The following pairs are in P_>:

COND_263_0_EQ_LE(TRUE, x1[1], x0[1]) → 263_0_EQ_LE(-(x1[1], 1), -(x0[1], 1))

The following pairs are in P_bound:

263_0_EQ_LE(x1[0], x0[0]) → COND_263_0_EQ_LE(&&(>(x1[0], 0), >(x0[0], 0)), x1[0], x0[0])

The following pairs are in P_≥:

263_0_EQ_LE(x1[0], x0[0]) → COND_263_0_EQ_LE(&&(>(x1[0], 0), >(x0[0], 0)), x1[0], x0[0])

There are no usable rules.

(10) IDependencyGraphProof (EQUIVALENT transformation)
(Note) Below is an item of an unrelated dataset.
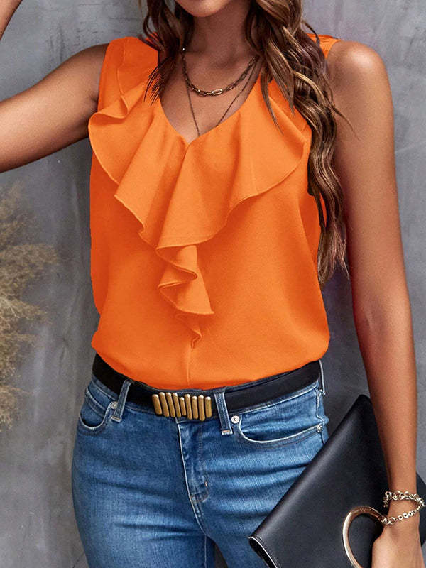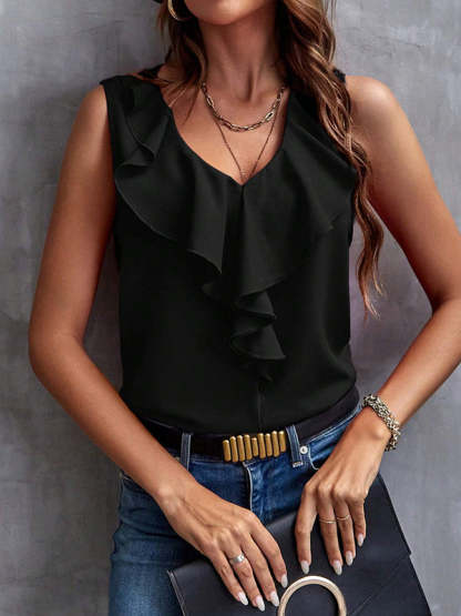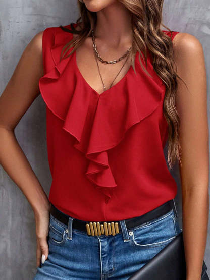 Loose Sleeveless Ruffled Solid Color V-Neck Vest Top

The approximation of the Dependency Graph [LPAR04,FROCOS05,EDGSTAR] contains 0 SCCs with 1 less node.

(13) IDependencyGraphProof (EQUIVALENT transformation)

The approximation of the Dependency Graph [LPAR04,FROCOS05,EDGSTAR] contains 0 SCCs with 1 less node.